We will come back to this covenant later in our discussion, but for now just remember that God made a covenant with Abram and that covenant promised a seed and a land.

Now let’s move on to the next covenant we want to look at; the covenant made at Mount Sinai; the covenant of the law.

2. The Sinai Covenant

It is now several years after God made the covenant with Abraham. Abraham’s descendents have been enslaved for 400 years just as God had prophesied to Abram on the day He cut covenant with him. They have been released from captivity and are now camped at the base of Mount Sinai where God is about to make a second covenant with the children of Israel.

Will this covenant invalidate or replace the covenant God made with Abraham?
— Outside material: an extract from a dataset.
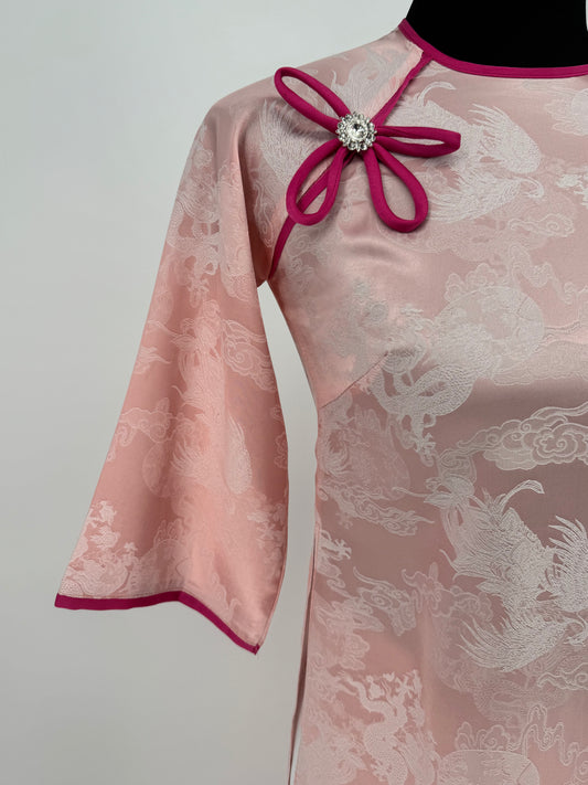 Áo + Quần | Áo Dài Nữ Hồng Vải Gấm Đính Nơ Sang Trọng Đẹp Mắt | BA072

No, that was an everlasting covenant that cannot be altered and cannot be replaced. So why make another covenant? The answer to that is found in the New Testament book a Galatians, which we will look at in detail later on, but right now let’s just look at this details of this covenant and see what we can learn.

First of all, as the name implies, this covenant was made with Moses on Mt. Sinai. We can see this in Exodus 34. We will not look at the whole chapter here, but I do want to look at a few verses from this chapter. In verses one through nine we see God telling Moses to cut two stone tablets and to bring them up the mountain where he is to meet with God. While he is on the mountain God came down in a cloud and stood there with him. These verses tell us that Moses spent 40 days on this mountain, and that while he was there he didn’t eat of drink anything. But why was he there? We get the answer in verse 10:
And he said, “Behold, I am making a covenant. Before all your people I will do marvels, such as have not been created in all the earth or in any nation. And all the people among whom you are shall see the work of the Lord, for it is an awesome thing that I will do with you.
Exodus 34:10
God was making a covenant with the people, with His people, Israel.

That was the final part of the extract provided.